- _The data_:

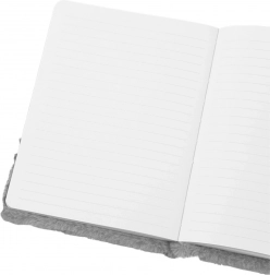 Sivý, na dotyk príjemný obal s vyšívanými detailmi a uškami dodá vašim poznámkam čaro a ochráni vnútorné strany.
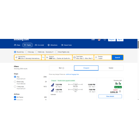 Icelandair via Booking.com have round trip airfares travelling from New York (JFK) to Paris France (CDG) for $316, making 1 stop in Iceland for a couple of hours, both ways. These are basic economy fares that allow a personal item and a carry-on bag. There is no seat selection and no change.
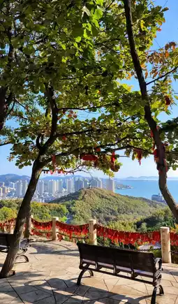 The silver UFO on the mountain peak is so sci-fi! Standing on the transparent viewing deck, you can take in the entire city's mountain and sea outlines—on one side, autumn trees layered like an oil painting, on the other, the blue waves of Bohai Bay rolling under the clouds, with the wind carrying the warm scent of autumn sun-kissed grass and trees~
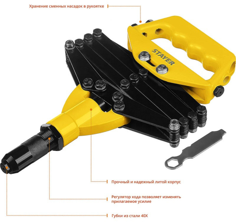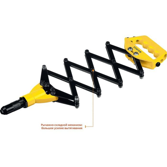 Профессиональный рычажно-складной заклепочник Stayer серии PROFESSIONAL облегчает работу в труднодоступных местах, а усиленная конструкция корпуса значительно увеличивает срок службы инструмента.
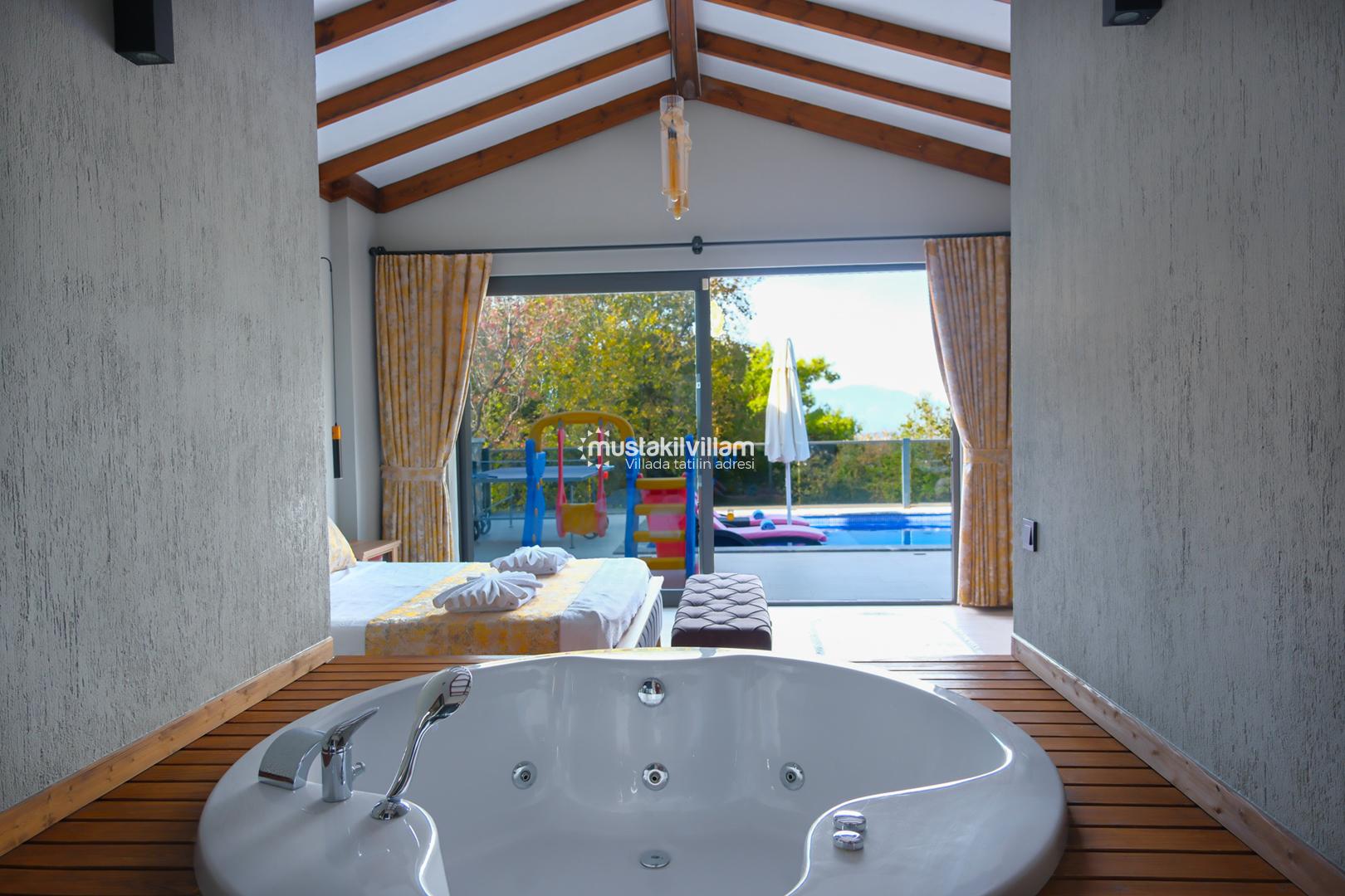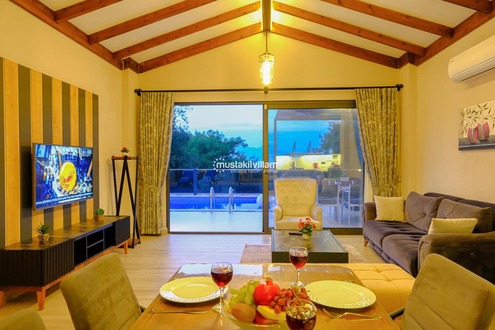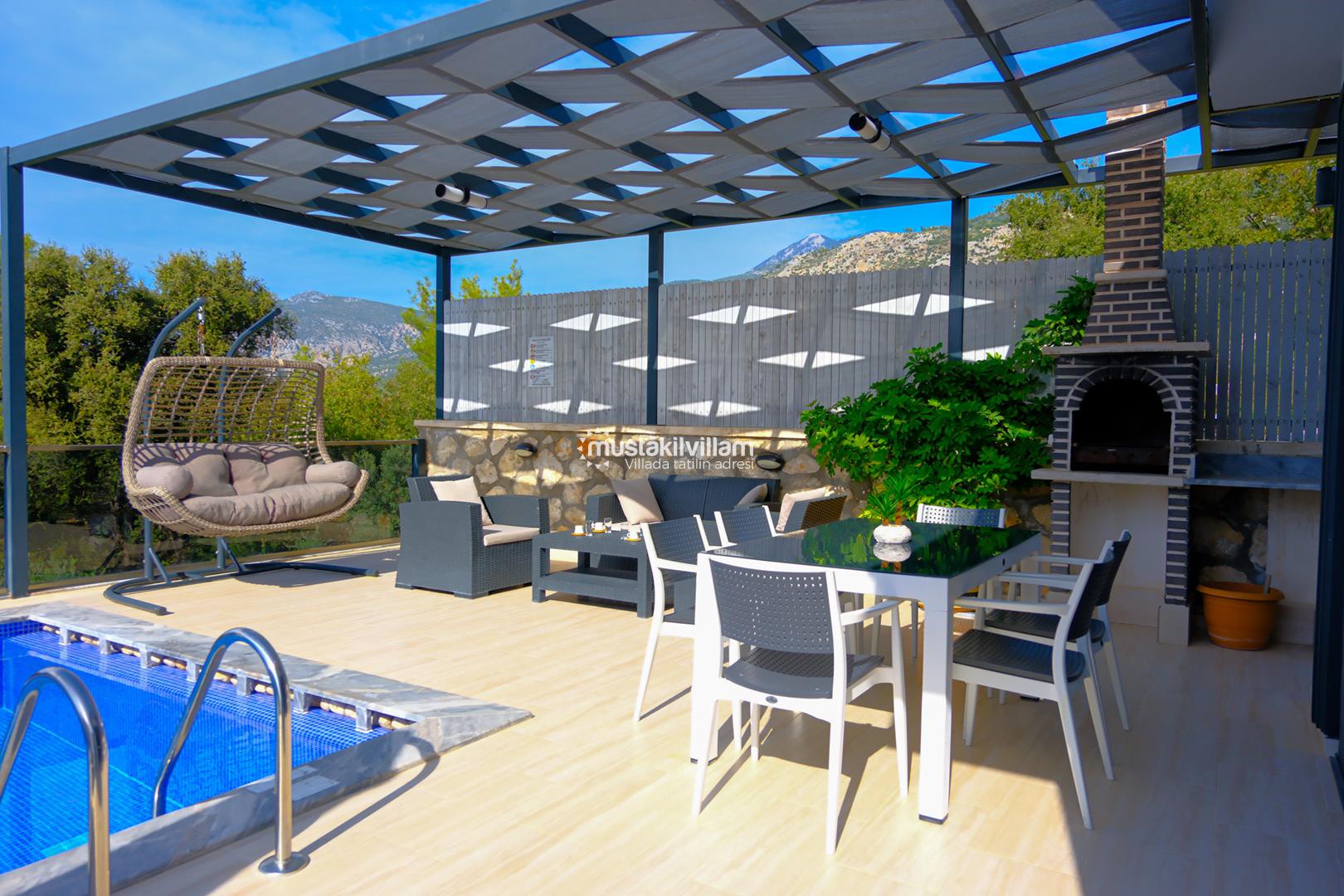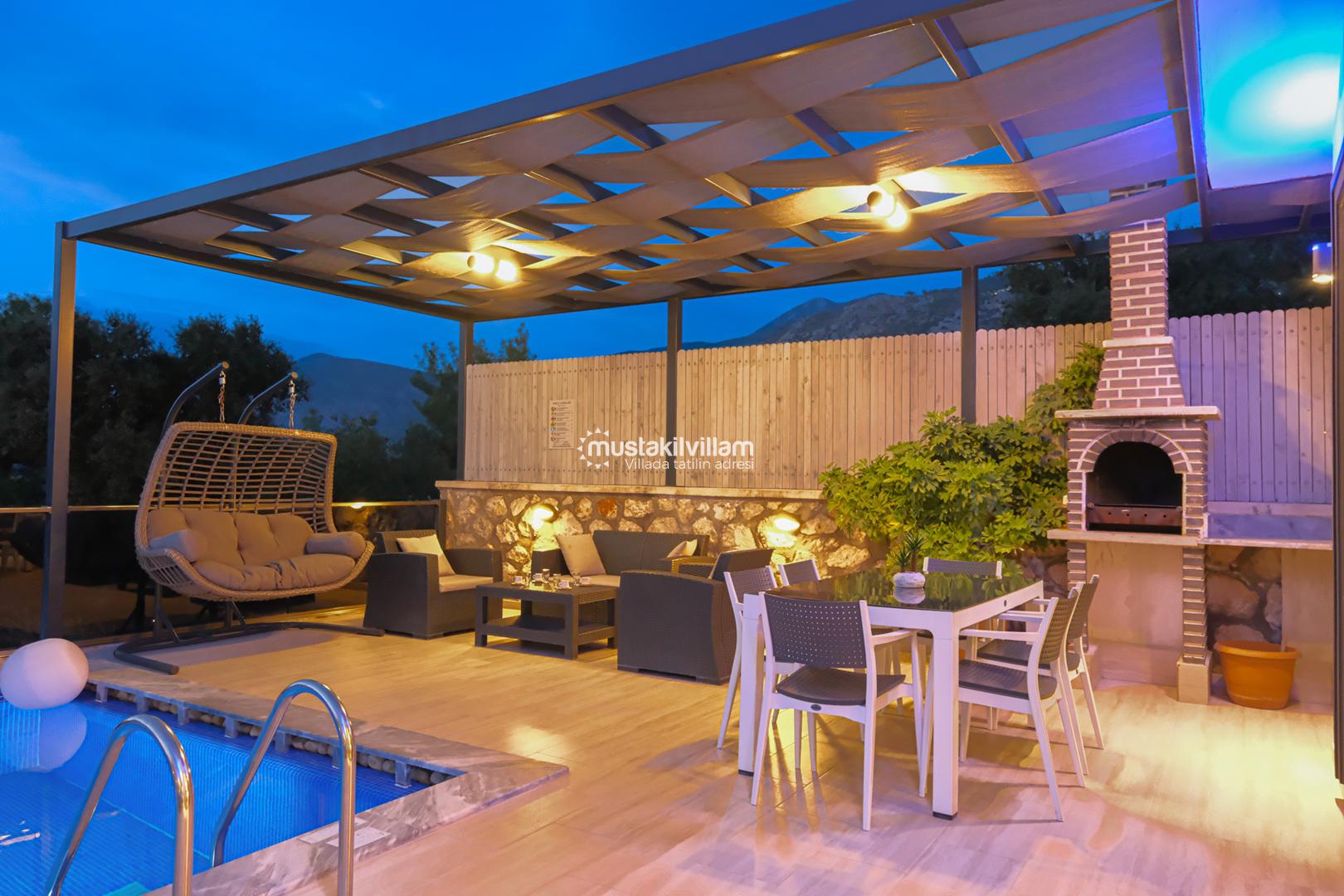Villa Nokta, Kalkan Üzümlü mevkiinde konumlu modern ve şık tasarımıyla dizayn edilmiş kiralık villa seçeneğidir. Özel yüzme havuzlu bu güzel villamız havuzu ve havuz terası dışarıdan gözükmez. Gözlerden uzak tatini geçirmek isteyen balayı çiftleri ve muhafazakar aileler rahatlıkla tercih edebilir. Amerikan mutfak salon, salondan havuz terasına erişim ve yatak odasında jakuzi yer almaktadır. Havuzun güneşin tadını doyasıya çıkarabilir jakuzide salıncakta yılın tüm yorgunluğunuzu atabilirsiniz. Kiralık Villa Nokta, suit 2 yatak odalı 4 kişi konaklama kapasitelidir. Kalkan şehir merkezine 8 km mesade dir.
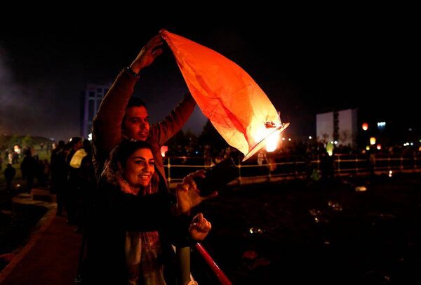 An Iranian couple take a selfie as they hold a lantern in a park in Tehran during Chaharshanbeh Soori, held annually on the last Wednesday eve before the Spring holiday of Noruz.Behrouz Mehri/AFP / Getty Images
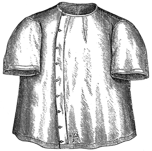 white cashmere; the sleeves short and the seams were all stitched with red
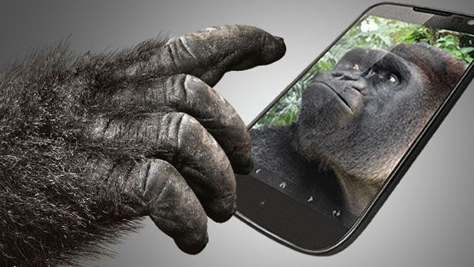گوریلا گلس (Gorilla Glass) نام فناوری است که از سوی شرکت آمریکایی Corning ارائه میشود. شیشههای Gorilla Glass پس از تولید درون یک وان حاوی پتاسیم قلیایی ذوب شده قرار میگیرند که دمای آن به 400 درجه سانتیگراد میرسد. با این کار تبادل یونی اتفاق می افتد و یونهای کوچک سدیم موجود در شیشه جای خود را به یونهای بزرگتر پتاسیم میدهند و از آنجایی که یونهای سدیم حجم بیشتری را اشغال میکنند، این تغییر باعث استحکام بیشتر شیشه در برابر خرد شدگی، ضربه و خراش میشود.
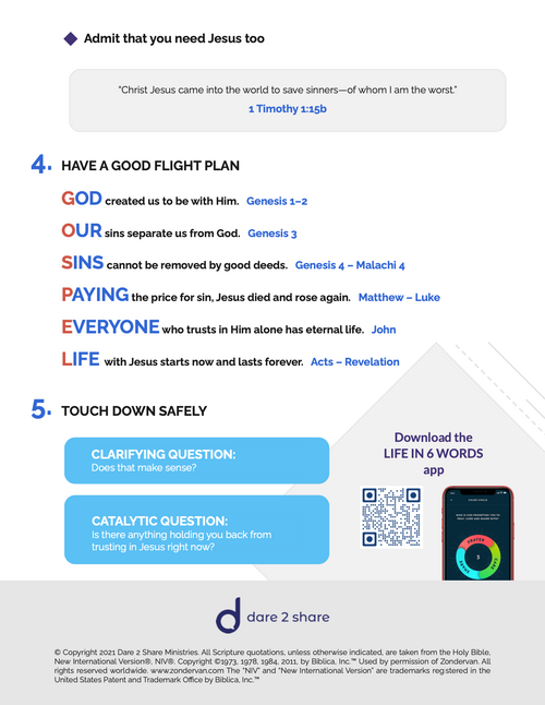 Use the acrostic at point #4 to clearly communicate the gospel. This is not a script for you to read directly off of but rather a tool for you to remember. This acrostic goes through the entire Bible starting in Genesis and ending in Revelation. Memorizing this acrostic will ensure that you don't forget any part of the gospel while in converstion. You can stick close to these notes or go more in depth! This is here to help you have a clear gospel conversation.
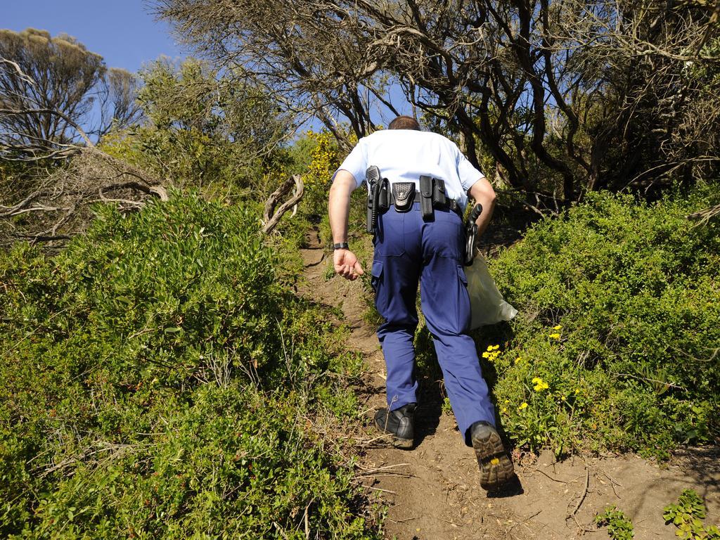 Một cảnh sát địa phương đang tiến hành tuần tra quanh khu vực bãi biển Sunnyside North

- _Task instructions_:
Give back the lines word for word, from the very first in the material above to the one that has "گوریلا گلس (Gorilla", both included, without the pictures.

- _Response area_:
 Sivý, na dotyk príjemný obal s vyšívanými detailmi a uškami dodá vašim poznámkam čaro a ochráni vnútorné strany.
 Icelandair via Booking.com have round trip airfares travelling from New York (JFK) to Paris France (CDG) for $316, making 1 stop in Iceland for a couple of hours, both ways. These are basic economy fares that allow a personal item and a carry-on bag. There is no seat selection and no change.
 The silver UFO on the mountain peak is so sci-fi! Standing on the transparent viewing deck, you can take in the entire city's mountain and sea outlines—on one side, autumn trees layered like an oil painting, on the other, the blue waves of Bohai Bay rolling under the clouds, with the wind carrying the warm scent of autumn sun-kissed grass and trees~
 Профессиональный рычажно-складной заклепочник Stayer серии PROFESSIONAL облегчает работу в труднодоступных местах, а усиленная конструкция корпуса значительно увеличивает срок службы инструмента.
Villa Nokta, Kalkan Üzümlü mevkiinde konumlu modern ve şık tasarımıyla dizayn edilmiş kiralık villa seçeneğidir. Özel yüzme havuzlu bu güzel villamız havuzu ve havuz terası dışarıdan gözükmez. Gözlerden uzak tatini geçirmek isteyen balayı çiftleri ve muhafazakar aileler rahatlıkla tercih edebilir. Amerikan mutfak salon, salondan havuz terasına erişim ve yatak odasında jakuzi yer almaktadır. Havuzun güneşin tadını doyasıya çıkarabilir jakuzide salıncakta yılın tüm yorgunluğunuzu atabilirsiniz. Kiralık Villa Nokta, suit 2 yatak odalı 4 kişi konaklama kapasitelidir. Kalkan şehir merkezine 8 km mesade dir.
 An Iranian couple take a selfie as they hold a lantern in a park in Tehran during Chaharshanbeh Soori, held annually on the last Wednesday eve before the Spring holiday of Noruz.Behrouz Mehri/AFP / Getty Images
 white cashmere; the sleeves short and the seams were all stitched with red
گوریلا گلس (Gorilla Glass) نام فناوری است که از سوی شرکت آمریکایی Corning ارائه میشود. شیشههای Gorilla Glass پس از تولید درون یک وان حاوی پتاسیم قلیایی ذوب شده قرار میگیرند که دمای آن به 400 درجه سانتیگراد میرسد. با این کار تبادل یونی اتفاق می افتد و یونهای کوچک سدیم موجود در شیشه جای خود را به یونهای بزرگتر پتاسیم میدهند و از آنجایی که یونهای سدیم حجم بیشتری را اشغال میکنند، این تغییر باعث استحکام بیشتر شیشه در برابر خرد شدگی، ضربه و خراش میشود.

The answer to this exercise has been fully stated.